──────── SUPPLIED DATA ────────

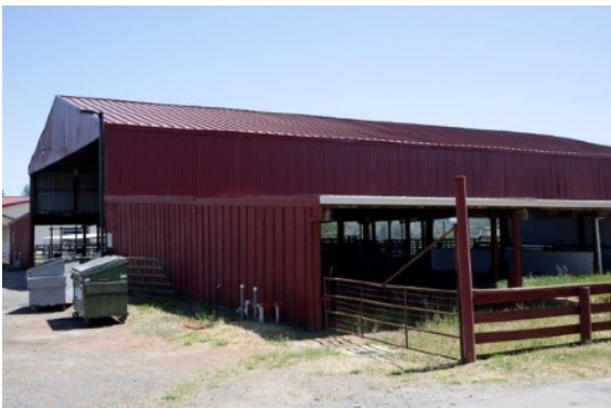
Porter Barn received a new roof and exterior paint, thanks to Measure H.
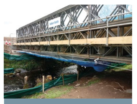
The catch net prevents debris from landing in the burn below
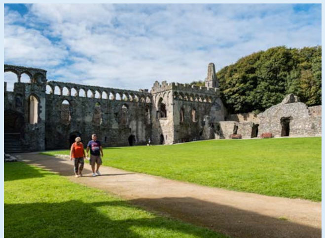
St Davids, Pembrokeshire

Saundersfoot, Hotels, Campsites, Restaurants & Caravan Parks
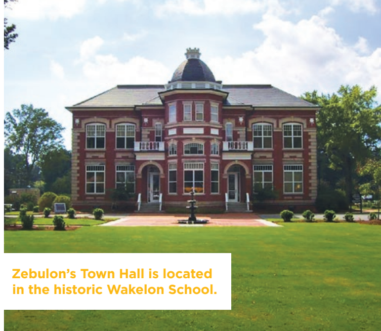
Zebulon's Town Hall is located in the historic Wakelon School.
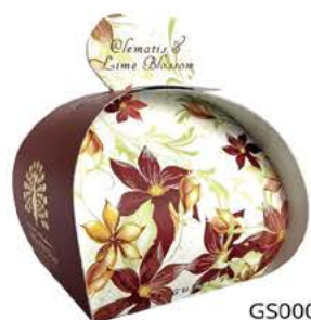
GS0004 Clematis & Lime Blossom
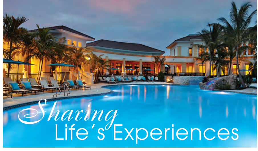
In the past five years, the private community has invested more than $40 million in member amenities, including a new Clubhouse, Sports Village, and a new Jack Nicklaus Signature Course.

The Club at Ibis offers dozens of "clubs within a club."
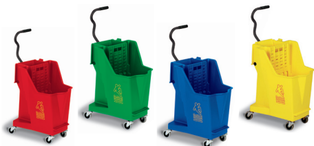
UniBody® Mopping System
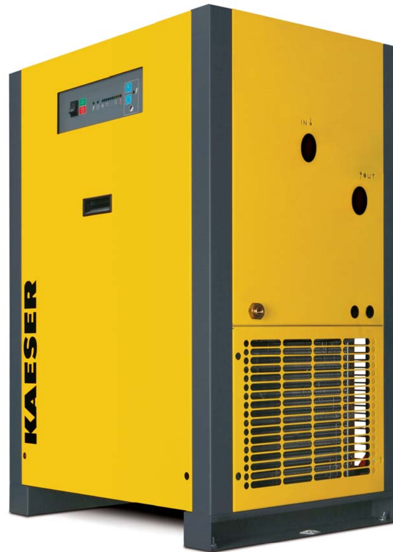
Standard version THP 40-50
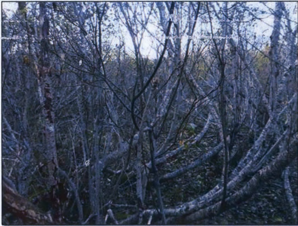
Site 42: Vegetation. Photo taken September 29, 2016
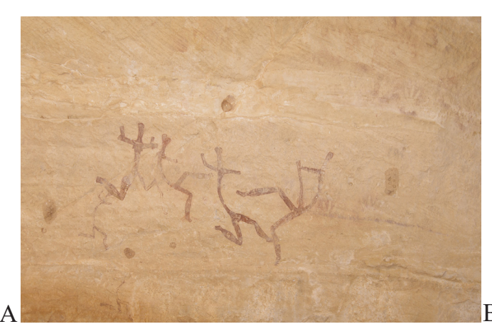
Fig. 8A. — "Korossom Fantastic" figures over a "wallpaper" of negative handprints at Korossom Timmy (site Korossom North 00).
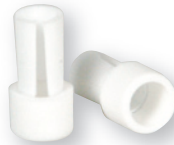
Part # 205056

Part # 205055 SLEEVE CLAMP, 1/8, 2 PC, CLEAR Part # 205056 SLEEVE CLAMP, 1/8, 2 PC, WHITE • Polypropylene Construction
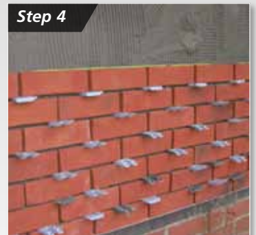
Step 4 BrickShield® Adhesive Mortar is then applied to the surface of the Rockwool® Façade Ultra. BrickShield® Natural Clay Brick Slips are laid onto the adhesive mortar, keeping to line and level for an even appearance.
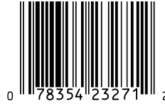
3271 1/36lb Regular Sour Cream

────────

- _DIRECTIONS_: From the data above, copy out every line with the string "Part" in it.

- _EXERCISE RESPONSE_:
Part # 205056
Part # 205055 SLEEVE CLAMP, 1/8, 2 PC, CLEAR Part # 205056 SLEEVE CLAMP, 1/8, 2 PC, WHITE • Polypropylene Construction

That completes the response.